All of the data below should be printed again word for word, pictures excluded.

Stored items from a collection:
++++++++++
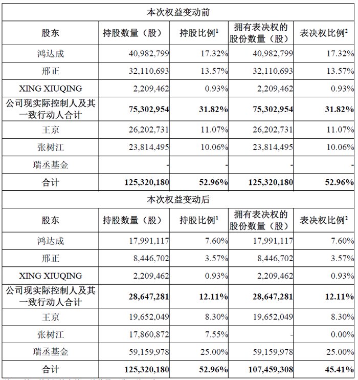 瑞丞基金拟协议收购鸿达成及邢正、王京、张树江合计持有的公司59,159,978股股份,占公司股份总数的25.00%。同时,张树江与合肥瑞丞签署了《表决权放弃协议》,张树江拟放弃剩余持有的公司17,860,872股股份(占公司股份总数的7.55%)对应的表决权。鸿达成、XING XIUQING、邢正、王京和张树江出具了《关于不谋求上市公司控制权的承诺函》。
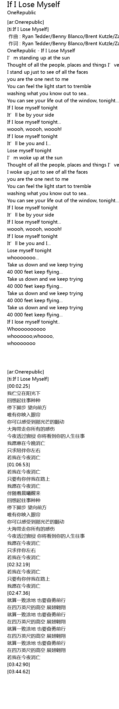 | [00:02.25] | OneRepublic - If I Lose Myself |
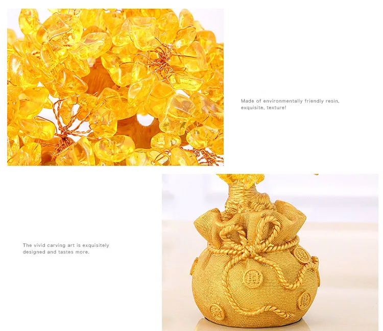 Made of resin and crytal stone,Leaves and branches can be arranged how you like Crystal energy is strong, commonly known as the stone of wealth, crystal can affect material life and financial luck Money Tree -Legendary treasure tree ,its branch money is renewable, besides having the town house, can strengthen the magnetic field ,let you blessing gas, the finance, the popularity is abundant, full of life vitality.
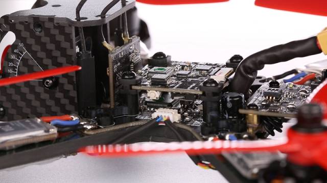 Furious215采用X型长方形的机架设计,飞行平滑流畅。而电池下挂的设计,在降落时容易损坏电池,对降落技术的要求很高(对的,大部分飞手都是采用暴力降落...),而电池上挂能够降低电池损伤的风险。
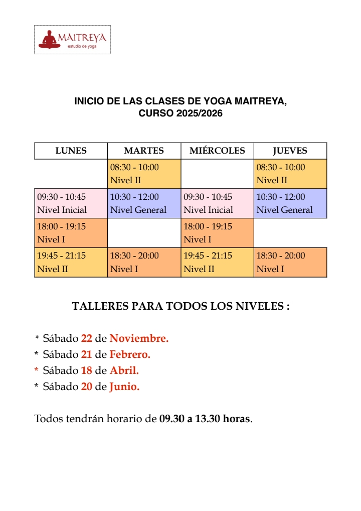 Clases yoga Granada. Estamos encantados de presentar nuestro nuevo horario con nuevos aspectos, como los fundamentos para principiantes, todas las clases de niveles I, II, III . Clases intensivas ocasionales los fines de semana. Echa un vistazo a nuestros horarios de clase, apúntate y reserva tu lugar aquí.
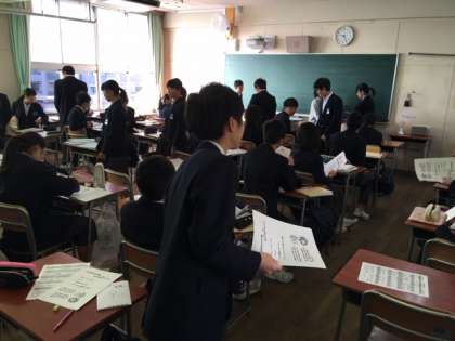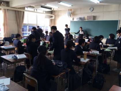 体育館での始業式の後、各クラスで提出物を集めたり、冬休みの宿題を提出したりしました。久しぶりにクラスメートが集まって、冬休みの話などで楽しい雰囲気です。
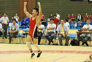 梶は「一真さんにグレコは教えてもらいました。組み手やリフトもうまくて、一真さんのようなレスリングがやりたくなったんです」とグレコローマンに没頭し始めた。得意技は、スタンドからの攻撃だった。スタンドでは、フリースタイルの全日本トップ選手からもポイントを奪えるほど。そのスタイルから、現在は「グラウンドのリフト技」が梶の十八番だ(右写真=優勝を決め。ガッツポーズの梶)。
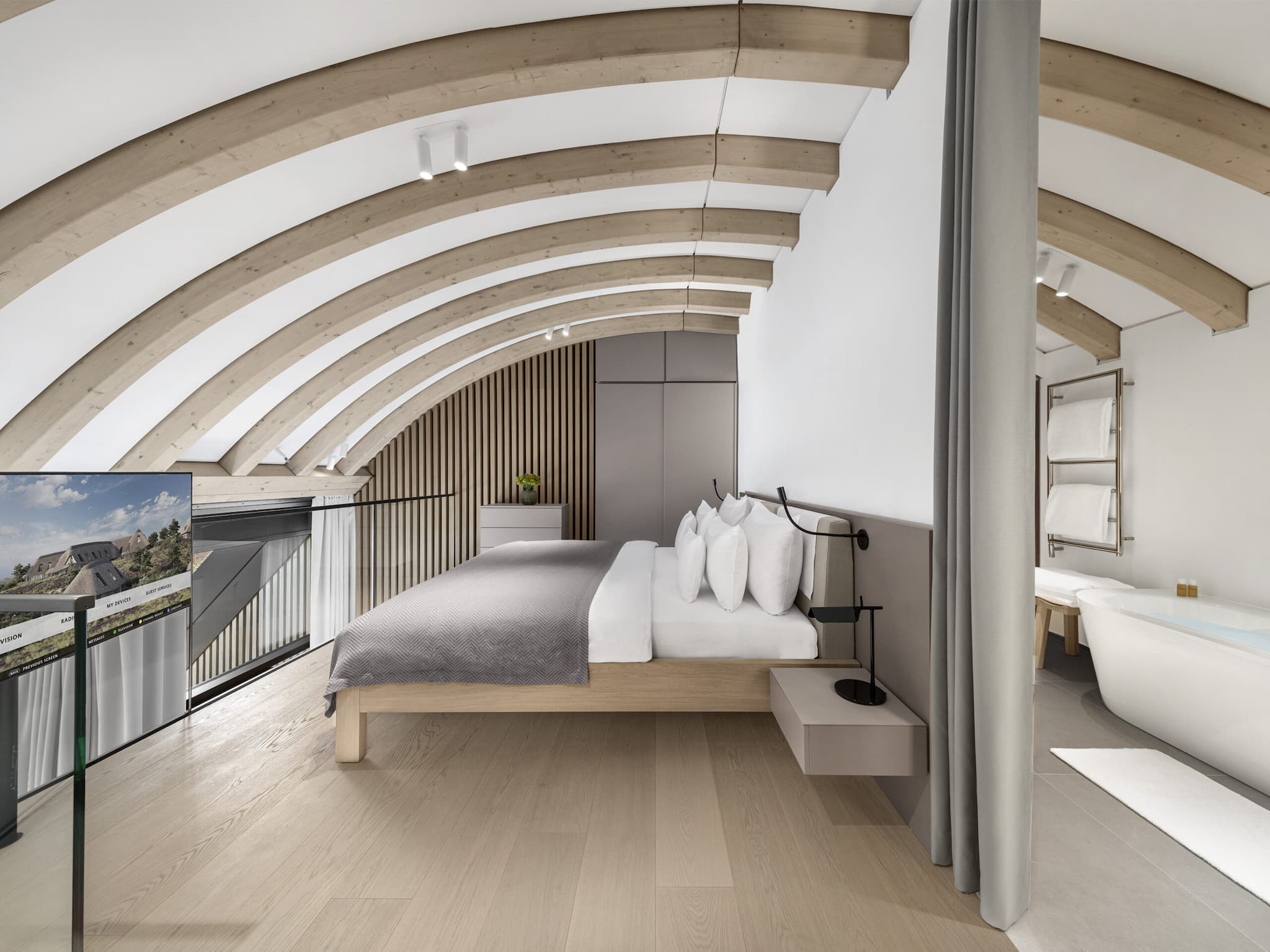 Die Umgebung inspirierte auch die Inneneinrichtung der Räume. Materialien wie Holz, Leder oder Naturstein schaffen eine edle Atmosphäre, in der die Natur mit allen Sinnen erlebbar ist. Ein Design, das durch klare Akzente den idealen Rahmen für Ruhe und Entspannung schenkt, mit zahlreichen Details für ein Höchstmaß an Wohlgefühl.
++++++++++
RESULT OF THIS EXERCISE:
 瑞丞基金拟协议收购鸿达成及邢正、王京、张树江合计持有的公司59,159,978股股份,占公司股份总数的25.00%。同时,张树江与合肥瑞丞签署了《表决权放弃协议》,张树江拟放弃剩余持有的公司17,860,872股股份(占公司股份总数的7.55%)对应的表决权。鸿达成、XING XIUQING、邢正、王京和张树江出具了《关于不谋求上市公司控制权的承诺函》。
 | [00:02.25] | OneRepublic - If I Lose Myself |
 Made of resin and crytal stone,Leaves and branches can be arranged how you like Crystal energy is strong, commonly known as the stone of wealth, crystal can affect material life and financial luck Money Tree -Legendary treasure tree ,its branch money is renewable, besides having the town house, can strengthen the magnetic field ,let you blessing gas, the finance, the popularity is abundant, full of life vitality.
 Furious215采用X型长方形的机架设计,飞行平滑流畅。而电池下挂的设计,在降落时容易损坏电池,对降落技术的要求很高(对的,大部分飞手都是采用暴力降落...),而电池上挂能够降低电池损伤的风险。
 Clases yoga Granada. Estamos encantados de presentar nuestro nuevo horario con nuevos aspectos, como los fundamentos para principiantes, todas las clases de niveles I, II, III . Clases intensivas ocasionales los fines de semana. Echa un vistazo a nuestros horarios de clase, apúntate y reserva tu lugar aquí.
 体育館での始業式の後、各クラスで提出物を集めたり、冬休みの宿題を提出したりしました。久しぶりにクラスメートが集まって、冬休みの話などで楽しい雰囲気です。
 梶は「一真さんにグレコは教えてもらいました。組み手やリフトもうまくて、一真さんのようなレスリングがやりたくなったんです」とグレコローマンに没頭し始めた。得意技は、スタンドからの攻撃だった。スタンドでは、フリースタイルの全日本トップ選手からもポイントを奪えるほど。そのスタイルから、現在は「グラウンドのリフト技」が梶の十八番だ(右写真=優勝を決め。ガッツポーズの梶)。
 Die Umgebung inspirierte auch die Inneneinrichtung der Räume. Materialien wie Holz, Leder oder Naturstein schaffen eine edle Atmosphäre, in der die Natur mit allen Sinnen erlebbar ist. Ein Design, das durch klare Akzente den idealen Rahmen für Ruhe und Entspannung schenkt, mit zahlreichen Details für ein Höchstmaß an Wohlgefühl.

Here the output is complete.